*** Block opens ***

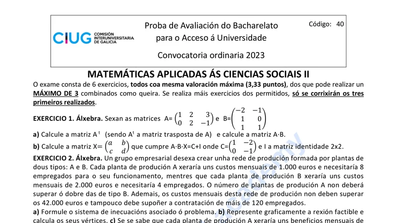 Reservar clase gratis →Examen de Matemáticas CCSS selectividad Galicia (Ordinaria 2023)
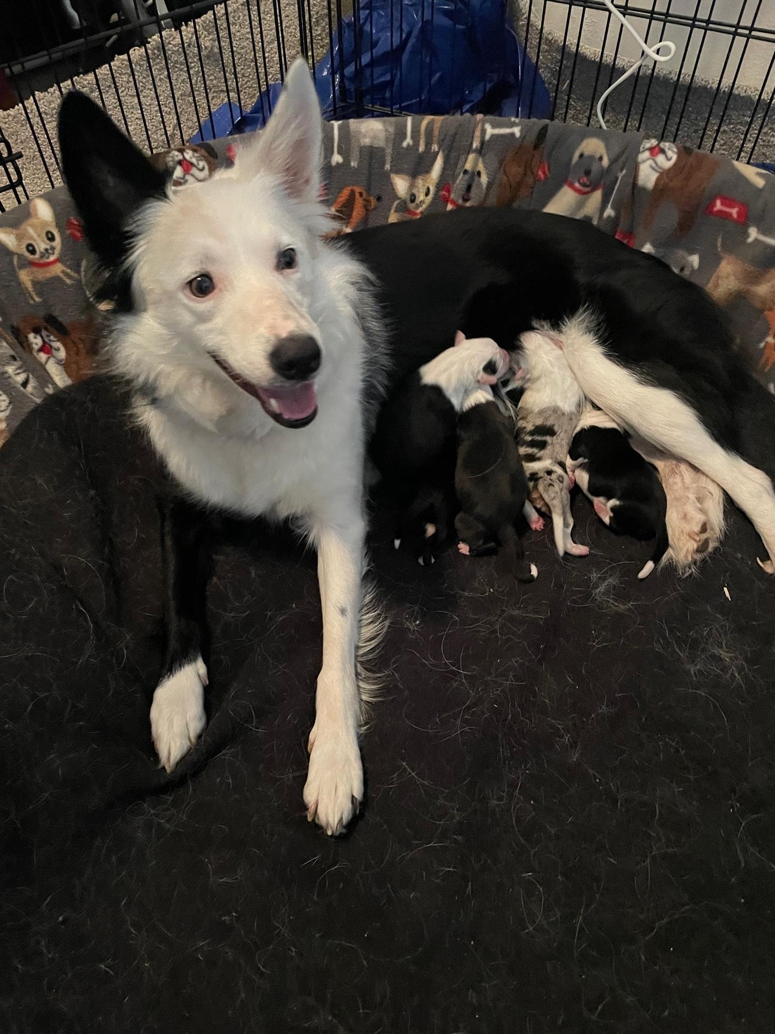 I'm Bob & Donette B., the breeder behind Bob & Donette's Border Collies located in Colorado Springs, CO. We adore our dogs! Both parents are AKC registered and have been DNA tested. They are registered on the OFA database. Both parents are from working lines. Fractal is a working farm/ranch boy and Keesha is in herding and agility training. All puppies will be able to be AKC registered and will be co-owned. Puppies are already microchipped and will be up to date on vaccinations.
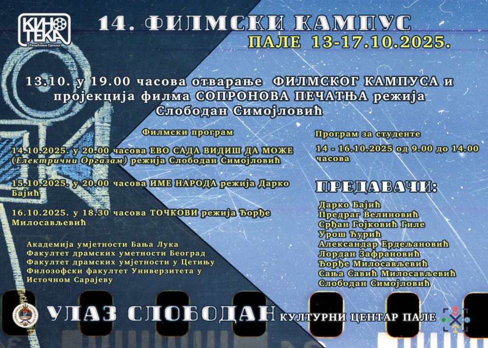 Kinoteka Republike Srpske organizuje 14. po redu Filmski kampus- program za studente od 13. do 17. oktobra u Palama.
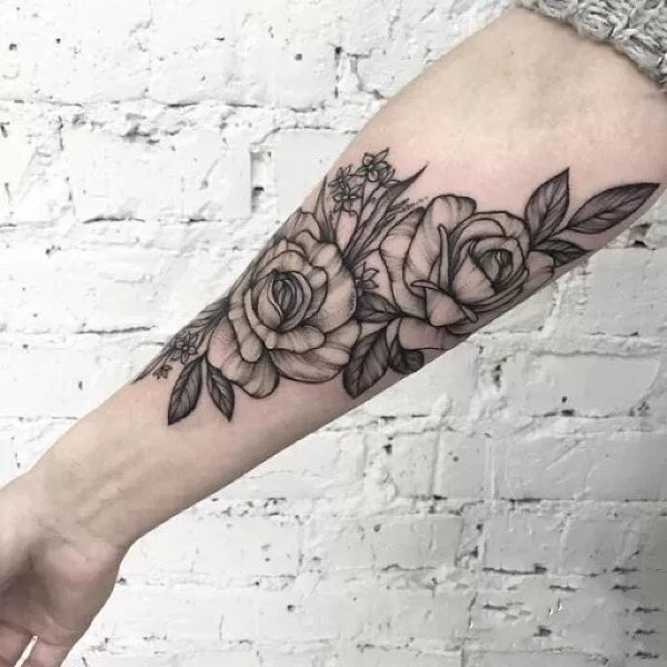 大臂素花纹身 9款女士的大臂黑灰花朵植物纹身图案
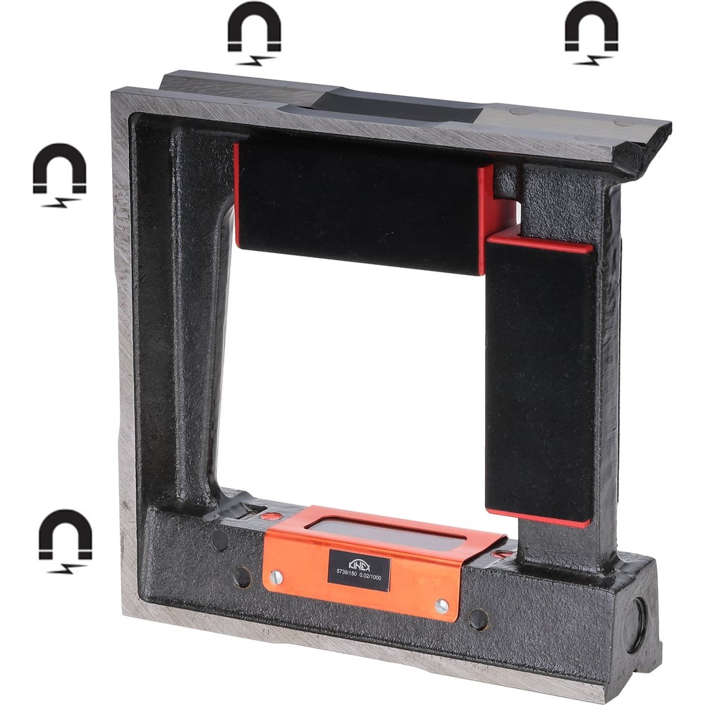 Рамный магнитный уровень Kinex (K-MET) 150x150 мм, 0.02 мм 5091-02-150 используется для контроля горизонтального и вертикального расположения плоских и цилиндрических поверхностей их прямолинейности и плоскостности. Выполнен в виде квадрата, что позволяет измерять вертикальные и горизонтальные отклонения при наличии одного глазка Прибор имеет прочную ровную раму с отполированными поверхностями, выполненную из углеродистой стали, в которую встроена ампула со шкалой. Ампулы наполнены спиртом или эфиром, внутри свободно перемещается пузырек воздуха. По отклонению пузырька от центра определяется параллельность расположения поверхности. Под ценой деления понимают наклон уровня, соответствующий перемещению пузырька продольной ампулы на одной деление шкалы, выраженной в миллиметрах на 1 метр. Стандарт: CSN255739-1 Цена деления: 0,02мм/м Погрешность: ±0,006
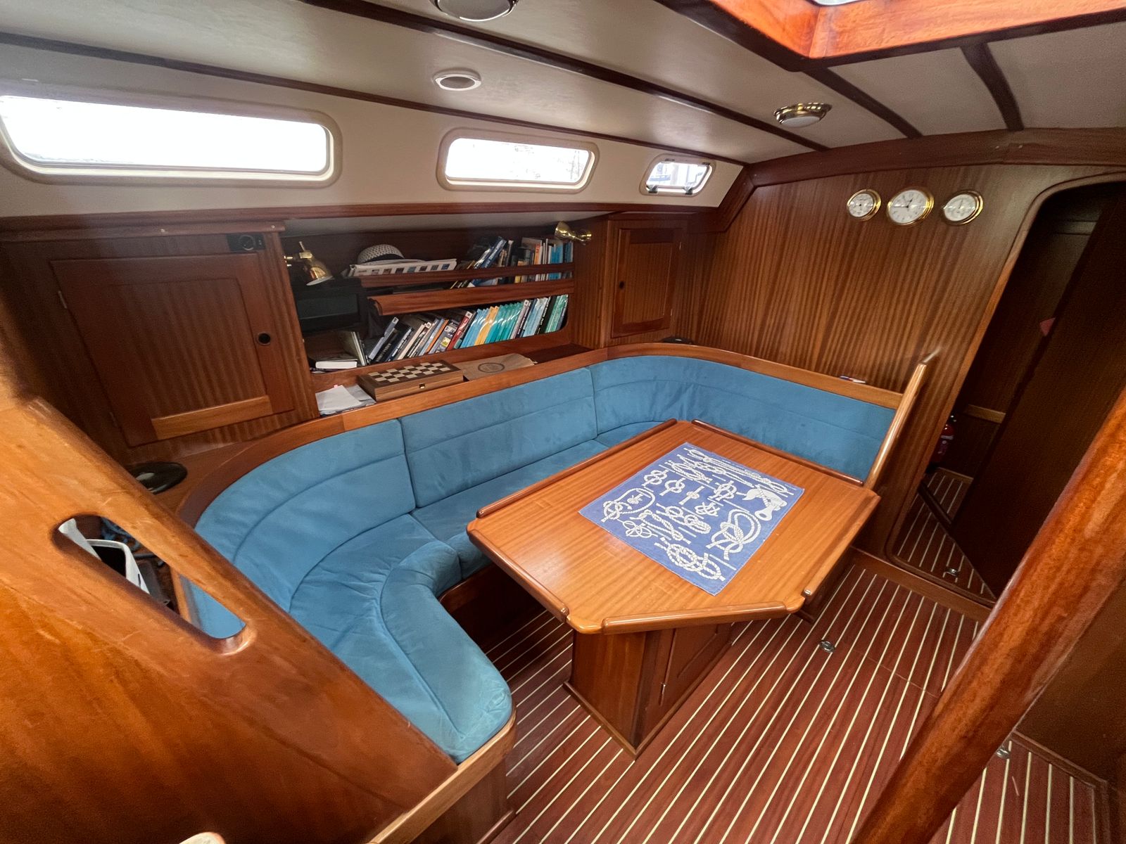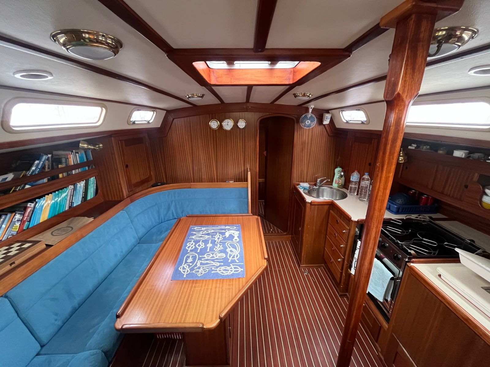 Below deck, the interior is warm, practical, and inviting. Accommodation is arranged for up to five guests in three cabins, including a generous aft master suite with en-suite facilities. Rich mahogany joinery and Alcantara upholstery create a refined atmosphere, while the layout remains functional for extended living aboard.
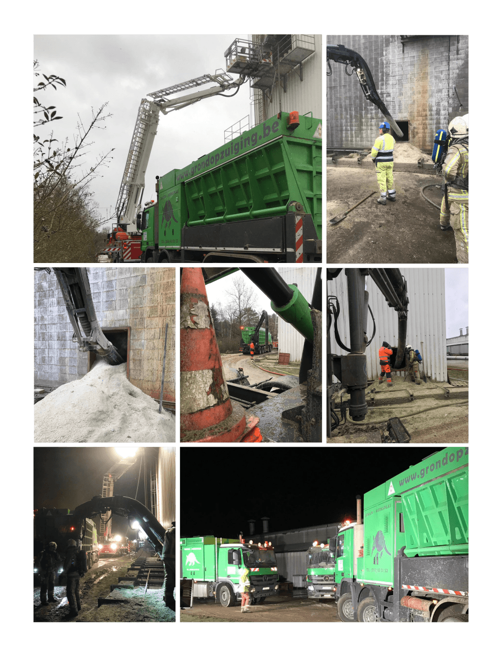 Leegzuigen silo's gevuld met natte houtsnippers.
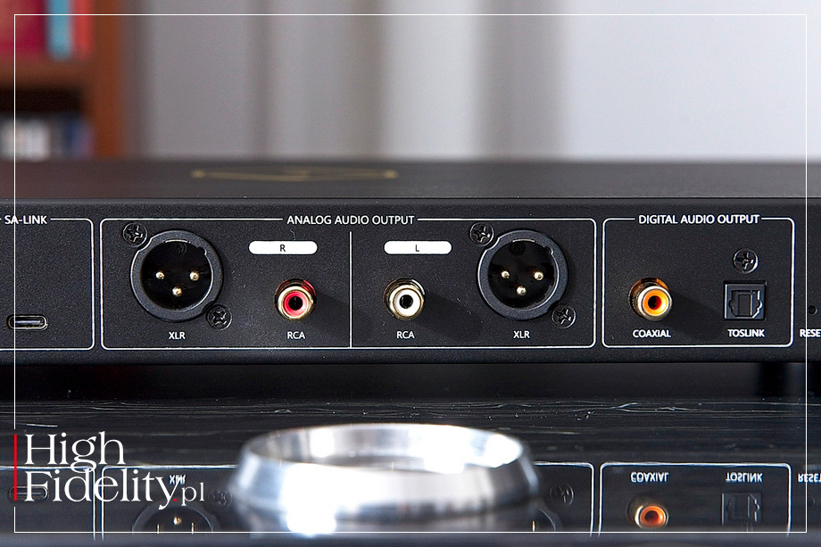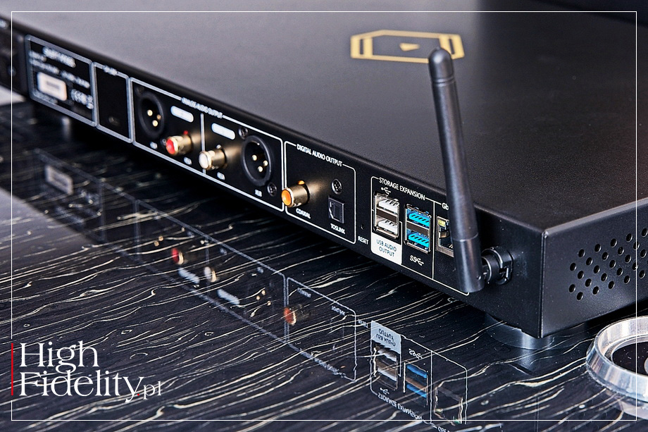 Na solidnym, świetnie wykończonym czarnym froncie z zaokrąglonymi rogami umieszczono tylko nazwę modelu: SL1P (złotymi literkami). Pod przednią krawędzią urządzenia umieszczono niebieską diodę, która po włączeniu pokazuje status urządzenia, a po rozruchu gotowość do pracy. Nie ma tu żadnych zbędnych ozdobników ani jakiegokolwiek wyświetlacza. Z założenia obsługa i odczyt informacji odbywają się z pomocą firmowej aplikacji na telefonie, czy tablecie. Na pokrywie odtwarzacza, centralnie, umieszczono z kolei charakterystyczne złote logo producenta. Mniej więcej dwie trzecie bocznych ścianek pokrywa perforacja zapewniając w ten sposób elektronice pasywną wentylację. Pasywna wentylacja jest o tyle ważna, że gwarantuje bezgłośną pracę urządzenia w przeciwieństwie do klasycznych komputerów czy laptopów, w których zwykle pracują wentylatory. Obudowę ustawiono na czterech eleganckich nóżkach antywibracyjnych. Urządzenie może być niedrogie, ale zupełnie na to nie wygląda, a tego typu nóżki są miłym dodatkiem. Na tylnej ściance znajdują się wszystkie złącza, a tych jest sporo. Jak już wspomniałem, urządzenie może się łączyć z domową siecią przewodowo lub bezprzewodowo. Do połączenia kablem ethernetowym (wśród akcesoriów w zestawie znaleźć można kabel LAN) z przełącznikiem LAN lub routerem służy gigabitowe gniazdo LAN, a w lewym tylnym rogu urządzenia (patrząc od frontu) umieszczono antenę Wi-Fi. Obok znajdziecie zestaw czterech portów USB; dwa w wersji USB 3.0, dwa to USB 2.0. Jedno z tych ostatnich jest oznaczone jako dedykowane wyjście audio, można więc przez nie wysyłać sygnał kablem USB do zewnętrznego przetwornika cyfrowo-analogowego. Pozostałe trzy służą do podłączenia nośników danych (USB), czyli pendrajwów, albo zewnętrznych dysków twardych. W przypadku tych drugich możliwe jest stosowanie wyłącznie tych, które mają własne zasilanie (!). Istnieje również możliwość instalacji wewnątrz urządzenia dysku SSD w standardzie M.2 z interfejsem NVMe o maksymalnej pojemności 4 TB, ale jest to jedynie opcja. Obok portów USB znajduje się sekcja cyfrowa, czyli kolejne (obok USB) cyfrowe wyjścia. Cyfrowy sygnał można bowiem wysłać na zewnątrz odtwarzacza (do wejścia DAC-a) za pomocą kabla optycznego (Toslink) bądź koaksjalnego. Oba umożliwiają przesył sygnału PCM w rozdzielczości do 24 bitów i 192 kHz. W środkowej części tylnego panelu umieszczono natomiast wyjścia analogowe. Mimo, że urządzenie jest niedrogie, dostajemy do dyspozycji zarówno wyjście zbalansowane (XLR), jak i niezbalansowane (RCA). Przy niedrogich urządzeniach, zwykle używanych z niedrogimi kablami ze standardowymi wtykami, może nie ma to aż tak wielkiego znaczenia, niemniej warto wspomnieć, iż gniazda w SL1P są rozstawione dość szeroko (to kolejna przewaga użycia dużo większej obudowy), co ułatwia podłączania interkonektów. W zestawie, oprócz wspomnianego kabla LAN, producent dodaje parę niezbalansowanych interkonektów analogowych a także kabel zasilający AC. Zestaw złączy uzupełnia firmowy SA-Link umożliwiający komunikację z innymi urządzeniami Silent Angel, tudzież gniazdo zasilające IEC z komorą bezpiecznika i towarzyszący im włącznik urządzenia. ‖ WEWNĄTRZ WNĘTRZE SL1 P podzielono na kilka sekcji, a wszystkie osadzono na aluminiowej płycie będącej „podłogą” urządzenia. Osobno umieszczono impulsowy, acz, jak podaje producent, „klasy radarowej”, czyli spełniający wymagania stawiane producentom radarów, niskoszumny, wysoce stabilny zasilacz. Szukając przysłowiowej dziury w całym, jeśli już miałbym wskazać na jakiś brak wyposażenia tego urządzenia, to byłby to brak możliwości podłączenia zewnętrznego zasilacza. Silent Angel ma przecież kilka takowych w ofercie, a za każdym razem gdy jeden z nich zastępował wbudowany zasilacz impulsowy niezależnie od półki cenowej słyszałem poprawę jakości dźwięku. Z drugiej strony, SL1 P to przecież najtańszy model, więc nie wymagajmy za wiele – jak mówiłem, to szukanie dziury w całym. Osobną sekcją urządzenia jest transport plików. Zbudowano go na solidnej (klasy hi-fi, jak pisze producent) płycie głównej, na której zainstalowano sześciordzeniowy procesor (Dual-core Cortex-72 1.8GHz + Quad-core Cortex-A53 1.4GHz), 4 GB pamięci RAM oraz pamięć FLASH (32 GB) na autorski system operacyjny VitOS. Jak pisze producent, płytę główną i obudowę dysku (pamięci FLASH) pokryto grubą warstwą miedzi. Jej rolą jest efektywne odprowadzanie ciepła, co przekłada się na stabilność pracy i minimalizację zakłóceń. Zaawansowane ekranowanie dodatkowo redukuje zakłócenia elektromagnetyczne, a w efekcie przekłada się na wyższą jakość dźwięku. Trzecią sekcją urządzenia jest przetwornik cyfrowo-analogowy dostarczający sygnał do wyjść analogowych. Całą sekcję DAC-a umieszczono na dedykowanej płytce, a tę w aluminiowej obudowie ekranującej. Rolą tego rozwiązania jest minimalizacja zakłóceń pochodzących z sekcji zasilania i obwodów cyfrowych, albo ujmując rzecz inaczej, skuteczna izolacja sekcji analogowej od cyfrowej, czego efektem powinna być jeszcze wyższa czystość i precyzja dźwięku. Silent Angel nie dzieli się informacją na temat producenta, ani modelu kości D/A, jaką zastosował, a wspomniana obudowa uniemożliwią (proste) sprawdzenie tej informacji. ‖ OPROGRAMOWANIE SILENT ANGEL to jeden z tych producentów, których rozwój miałem okazję śledzić niemal od początku obecności na naszym rynku. Firma wykorzystała odpowiedni moment (przypomnę raz jeszcze, że powstała w 2014 roku) i z pomocą wiedzy i doświadczenia inżynierów firmy-matki, Thunder Data, zaoferowała wówczas jeszcze raczkującemu, acz bardzo szybko rozwijającemu się rynkowi urządzeń związanych z odtwarzaniem plików muzycznych, szereg ro

*** Block closes ***

Range to copy from the records above: the line containing "Kinoteka Republike Srpske" to the line containing "大臂素花纹身 9款女士的大臂黑灰花朵植物纹身图案", both included. Output those lines exactly and only those, skipping pictures.

TASK OUTPUT >>
 Kinoteka Republike Srpske organizuje 14. po redu Filmski kampus- program za studente od 13. do 17. oktobra u Palama.
 大臂素花纹身 9款女士的大臂黑灰花朵植物纹身图案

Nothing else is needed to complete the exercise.